• EXERCISE BRIEF: Print exactly the lines that run from the opening line of the material through the line with "1. Na tela de", and nothing else, leaving out pictures.

--- DATA SUPPLIED Enclosed Below ---

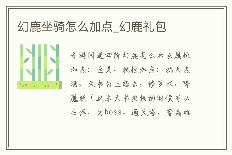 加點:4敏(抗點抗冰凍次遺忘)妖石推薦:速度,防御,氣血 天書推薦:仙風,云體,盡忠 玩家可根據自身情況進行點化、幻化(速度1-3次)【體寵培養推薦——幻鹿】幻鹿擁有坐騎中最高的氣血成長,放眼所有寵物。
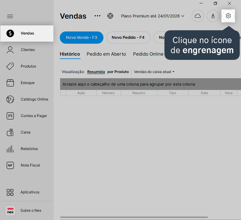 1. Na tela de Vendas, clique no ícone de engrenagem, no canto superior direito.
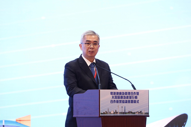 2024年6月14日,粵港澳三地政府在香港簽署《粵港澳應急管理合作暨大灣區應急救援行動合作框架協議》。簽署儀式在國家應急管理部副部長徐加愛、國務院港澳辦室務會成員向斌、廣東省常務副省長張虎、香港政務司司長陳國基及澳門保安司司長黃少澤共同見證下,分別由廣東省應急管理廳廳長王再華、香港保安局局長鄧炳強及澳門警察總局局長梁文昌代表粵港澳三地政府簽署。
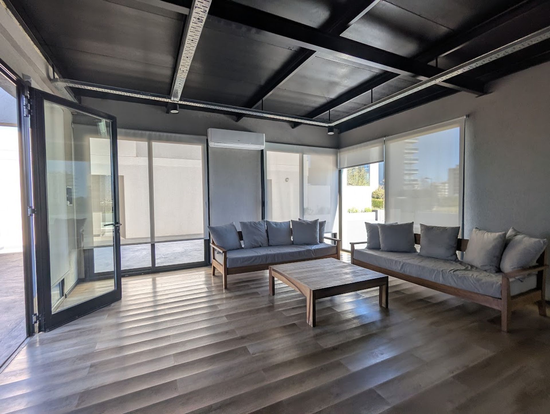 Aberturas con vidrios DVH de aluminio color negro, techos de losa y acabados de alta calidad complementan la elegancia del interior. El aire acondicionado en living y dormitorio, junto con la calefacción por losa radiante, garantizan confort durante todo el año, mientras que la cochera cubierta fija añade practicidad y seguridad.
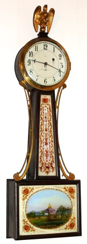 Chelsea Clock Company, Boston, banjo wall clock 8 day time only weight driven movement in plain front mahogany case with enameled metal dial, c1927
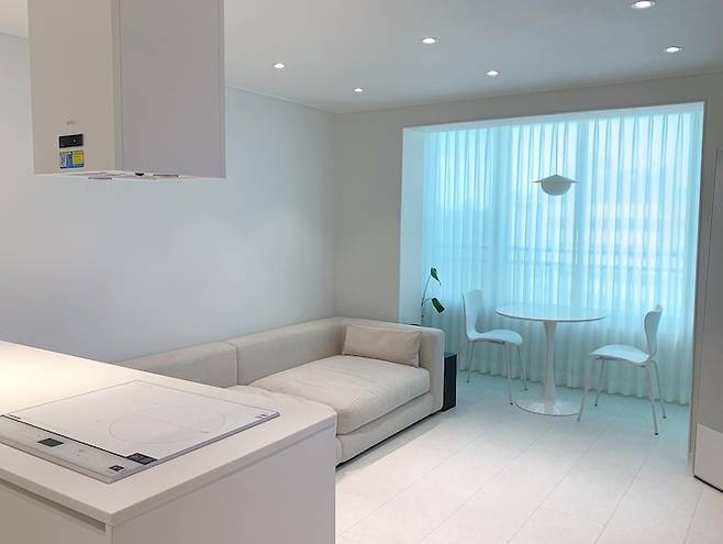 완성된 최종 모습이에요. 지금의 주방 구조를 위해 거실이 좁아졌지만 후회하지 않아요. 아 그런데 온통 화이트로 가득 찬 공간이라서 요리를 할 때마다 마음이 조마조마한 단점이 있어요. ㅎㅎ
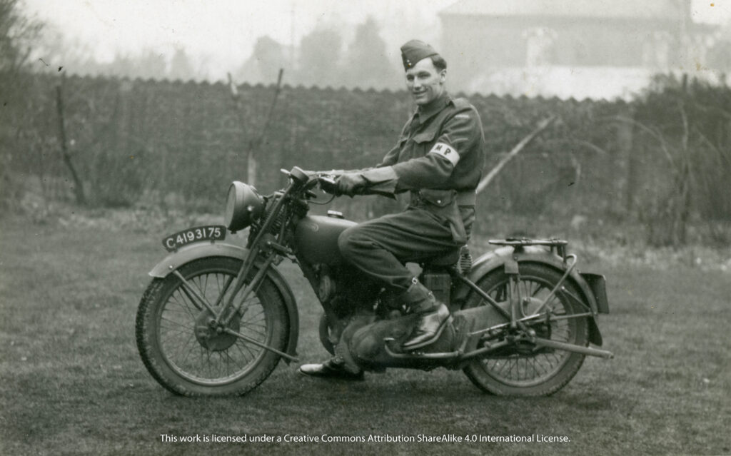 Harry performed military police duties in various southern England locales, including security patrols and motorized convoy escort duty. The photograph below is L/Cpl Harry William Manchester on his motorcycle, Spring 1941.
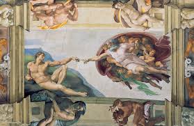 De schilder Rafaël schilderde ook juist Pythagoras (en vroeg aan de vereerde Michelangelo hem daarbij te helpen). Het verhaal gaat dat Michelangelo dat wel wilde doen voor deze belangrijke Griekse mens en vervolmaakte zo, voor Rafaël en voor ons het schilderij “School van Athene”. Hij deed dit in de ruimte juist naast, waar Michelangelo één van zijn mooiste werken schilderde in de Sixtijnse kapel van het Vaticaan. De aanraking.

--- End of Enclosed DATA SUPPLIED ---

• ANSWER:
 加點:4敏(抗點抗冰凍次遺忘)妖石推薦:速度,防御,氣血 天書推薦:仙風,云體,盡忠 玩家可根據自身情況進行點化、幻化(速度1-3次)【體寵培養推薦——幻鹿】幻鹿擁有坐騎中最高的氣血成長,放眼所有寵物。
 1. Na tela de Vendas, clique no ícone de engrenagem, no canto superior direito.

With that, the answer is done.